MCN Commentary & Analysis

The Odd Misogyny of Wonder Woman 1984 (spoilers)

I don’t want to review Wonder Woman 1984. Honestly, it would force me to think about the film too much. Oh… that terrible CGI. Oh… the complete illogic of the mall sequence. Oh… why does the Latino with the preacher wig and the blonde without lines and a fear of carbs have an Asian child?

No. Don’t want to go there. The film is poorly written, directed and FX-ed. But what bugged me about the film is at its core. Why does a movie about a powerful woman who everyone loves so worried about the attention of men? It’s like a two-hour-30 minute-long anti-Bechdel test.

The big theme the film claims, spoken in so many words, is “You took the short path. You cheated, Diana. That is the truth. That is the only truth and truth is all there is. You cannot be the winner because you are not ready to win. And there is no shame in that. Only in knowing the truth in your heart and not accepting it. No true hero is born from lies.”

I bet you had to read that a couple of times… because it is really a bad piece of writing. But I’ll take away that you can’t cheat, you have to grow into winning, and if you know something in your heart but deny it, you are in trouble.

Problem is… that’s not this movie. Diana doesn’t cheat… she doesn’t need to become more mature… she’s a winner before the first frame of the film.

That said… Cut to 1984. We’re in Superman 3. Wacky Lex Luthor type on TV. For some reason, a mall jeweler has priceless antiquities in the back room. But one of the nonthreatening bumbling crooks drops his gun, causing a panic among mall patrons and mall cops. One of the crooks dangles a kid over a third-story space for no logical reason. And zoom… here comes the costumed superhero. Slumming it.

Damn! I started reviewing the movie!

Sorry.
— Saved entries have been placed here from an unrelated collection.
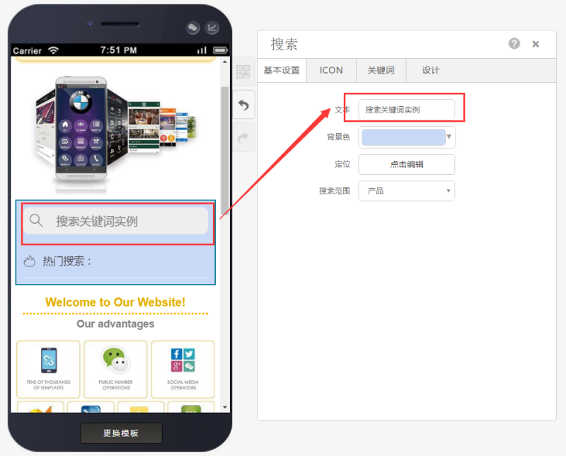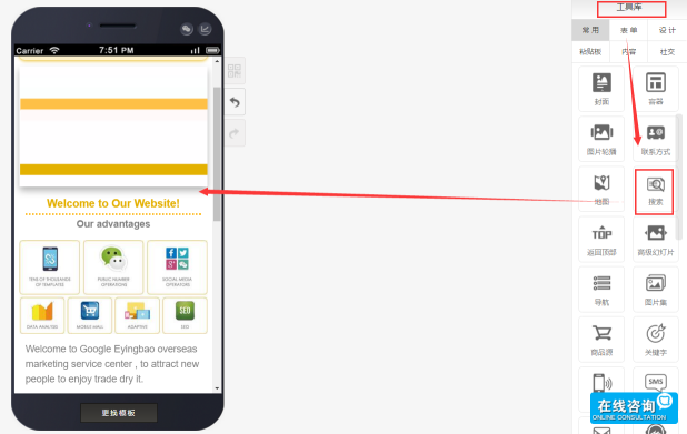 操作流程:在工具库中找到“搜索”控件,拖拽至编辑页,放在想展示的区域。
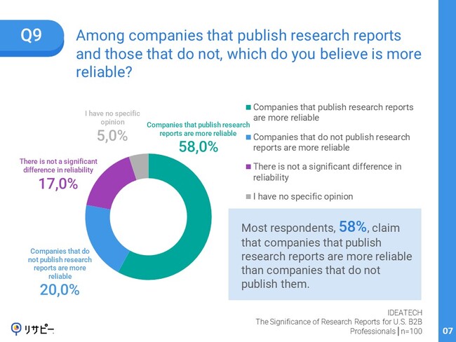 IDEATECH、米国BtoB企業における「調査レポート」に関する実態調査を実施!企業の信頼性にも繋がる「調査レポート」の重要性が明らかに
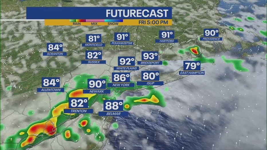 "Tomorrow is when the peak of the heat comes through," FOX 5 NY's Mike Woods says. "High temps get up into the 90s, but we have a humid condition as well, and the potential for some storms out there too."
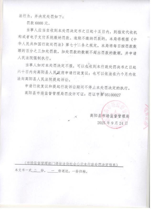 当前位置:首页 > 行政执法公示 > 高阳县市场监督管理局
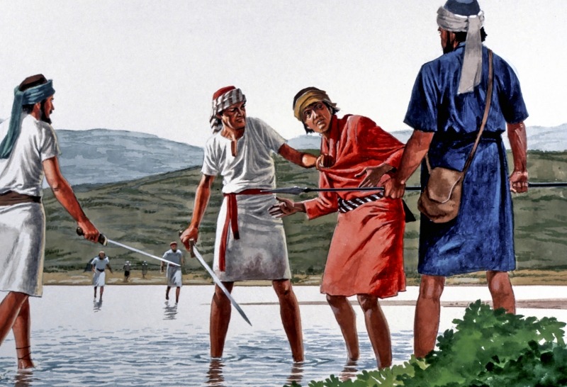 - 길르앗 사람이 에브라임 사람보다 앞서 요단 강 나루턱을 장악하고 에브라임 사람의 도망하는 자가 말하기를 청하건대 나를 건너가게 하라 하면 길르앗 사람이 그에게 묻기를 네가 에브라임 사람이냐 하여 그가 만일 아니라 하면
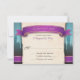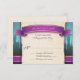 Cartões de resposta de RSVP de casamento de contadores justos, projetados com um banner roxo e dourado e as palavras "O favor de uma resposta...", castelos à distância sobre um gradiente azul para castanho, e seus detalhes de RSVP de casamento sobre uma ilustração de textura de papel de legenda bege velho e torrado. Essas placas de resposta RSVP foram projetadas para corresponder:
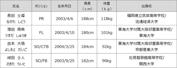 花園近鉄ライナーズの新加入選手について下記のとおりお知らせいたします。
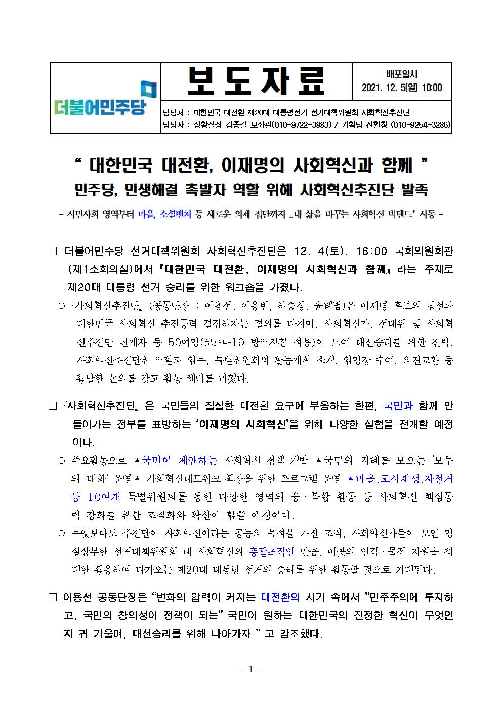 [보도자료] 더불어민주당 선거대책위원회 사회혁신추진단 발족
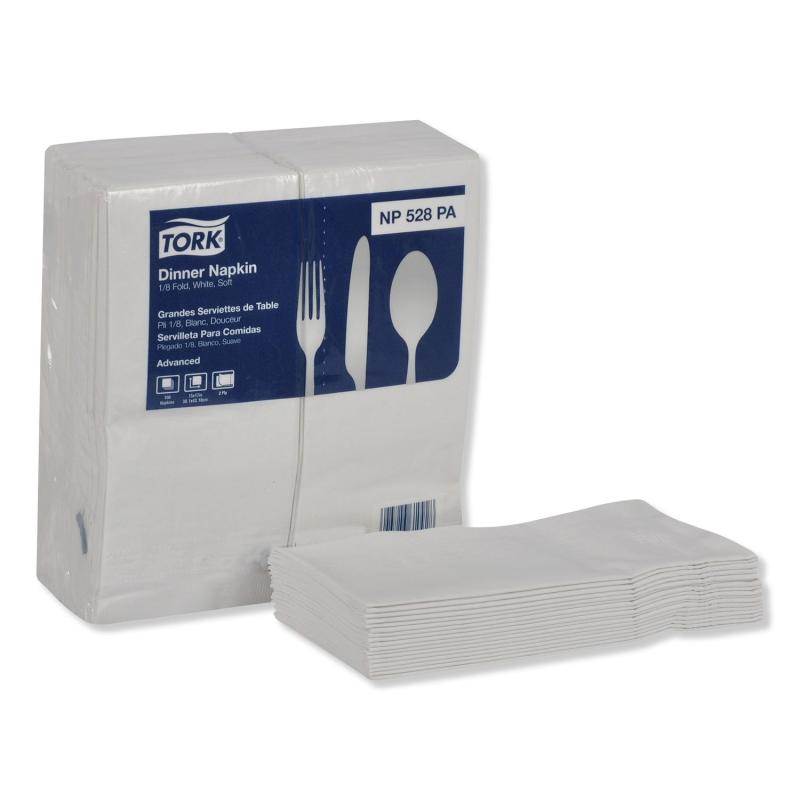 Tork Advanced Soft 1/8 Fold 2-Ply White Dinner Napkins, 28 pks, 100 napkins/pk.
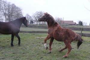 Mittlerweile, drei Monate später, habe ich meinen Traber in alter Form wieder und ein Pony, was mich immer grimmig anschaut. "Pepe le pew", so heißt er jetzt.
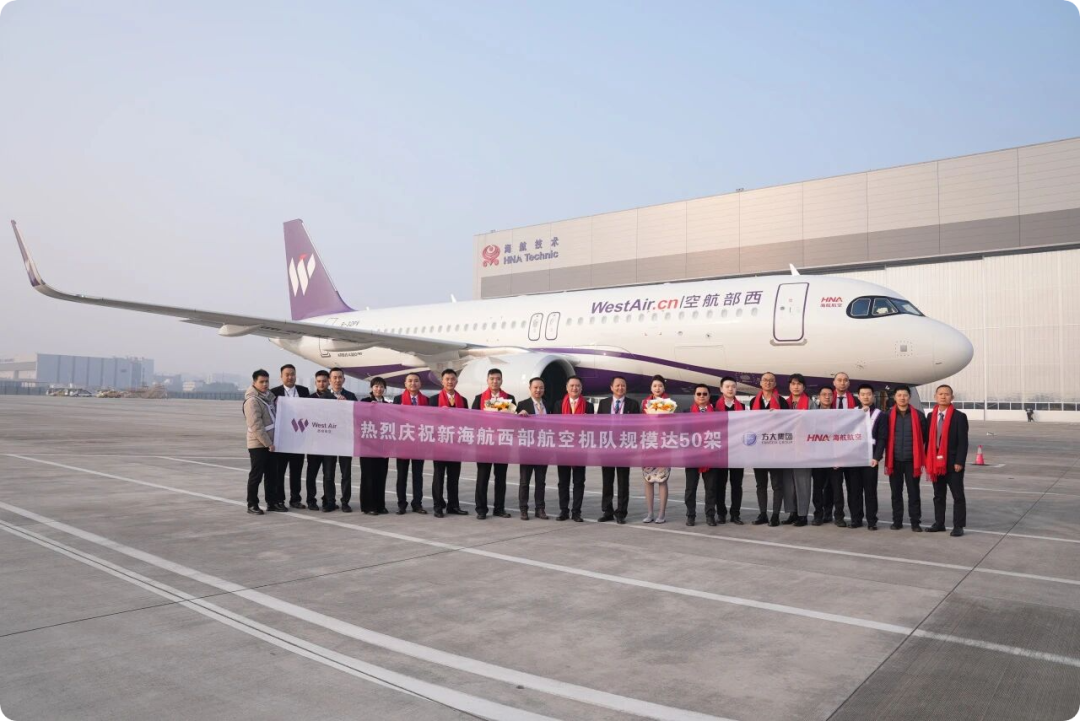 航空旅(FlightGlobal)消息,2025年12月18日,在新海航西部航空加入辽宁方大集团四周年的重要节点,一架编号为B-32PV的空客A320neo飞机平稳降落在重庆江北国际机场,接受民航最高礼仪“水门礼”迎接,西部航空第50架飞机正式入列,标志着公司迈入中型航空公司行列。

Completely senseless sequence of Wonder Woman using her powers, in full costume, on four bumbling TV Batman sidekicks. Oy.

So… Diana 84 is working in antiquities. She is keeping a low profile, wearing Norma Kamaliesque draped outfits of cashmere and satin. She eats alone. Men can’t stop hitting on her.

Meanwhile, Gillie… I mean, uh, Barbara Minerva is wearing 80s office casual and even when she falls on her face, no men will even acknowledge her. Even the woman who just hired her can’t remember her.

Jumpcut: There is a gem that grants you your dreams. (Seriously? That’s Season Three, running-out-of-ideas stuff.)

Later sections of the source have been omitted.